The command-path and commands entries specify what programs uuxqt is allowed to execute and where to look for them. I spent two days trying to figure out why my ISP couldn't feed me news articles before noticing I hadn't put rnews in a directory in the command-path, so look out for this item. If you want uuxqt to be able to execute other programs, you must include entries for them. For example, to allow Fred in Pittsburgh to use your expensive color laser printer, add lpr to the list of commands.
The system entry must be the UUCP name of the system you're calling, because HDB and Taylor UUCP check system names. Ask your ISP what his UUCP name is for this entry.
The time entry is used to specify times when connections to sloth are permitted. I don't know about the average Linux user, but when I think of running specific jobs at specific times, my thoughts turn naturally to cron. By specifying any time in the config file, I can initiate a UUCP connection via a crontab entry and not worry about UUCP quibbling over the time of the call.

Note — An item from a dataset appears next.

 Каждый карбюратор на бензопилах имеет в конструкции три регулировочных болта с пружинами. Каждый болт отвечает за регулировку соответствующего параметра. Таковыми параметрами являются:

The phone entry, unsurprisingly, specifies the ISP's phone number. If your ISP has several access numbers, they can be specified with the alternate field. In the above example, if a call to 123-4567 fails for any reason, UUCP will attempt to place a call to 123-6789, with all other configuration data remaining unchanged.
The port entry is not the port to use, but an entry in a file named port which specifies the port to use. For single-modem machines like mine, the port file will contain a single entry, which we'll look at in a moment.
The speed entry is the speed at which the port will be transferring data.
The chat entry contains a brief chat script used for logging in, which should be familiar to anyone who has used SLIP or PPP. The space-separated fields represent messages which are alternately sent and received. In most cases, the only essential data which must be transferred are the login name and password. If you want a more detailed look at the messages sent out by the ISP's machine, check with your ISP.
Now the port file:
# /etc/uucp/port - UUCP ports port serial1 type modem device /dev/modem speed 38400 dialer generic
The port entry here must correspond to the port entry in config. The type, device, and speed entries let UUCP know the device file and speed to use. UUCP will create a lockfile based on the device name, so you should use the same device your other communication software specifies. This way, you will avoid having one process disrupt another. (If you are running UUCP via cron jobs, it's extremely likely the time to connect will come around at least once while you are already using your modem, such as for web browsing.) The last entry, dialer, specifies an entry in the last configuration file, called dial.
# /etc/uucp/dial -- per-dialer info # My modem dialer generic chat "" ATZ OK ATM0DTT CONNECT chat-fail BUSY chat-fail ERROR chat-fail VOICE chat-fail NOsCARRIER chat-fail NOsANSWER chat-fail NOsDIALTONEThe dialer entry again matches that in port. The chat entry specifies a chat script which initializes the modem and places the actual call. When this entry is read, T is replaced by the phone entry in sys. The chat-fail entries provide a list of conditions under which the connection fails and the whole process aborts, or tries an alternate phone number if one is provided.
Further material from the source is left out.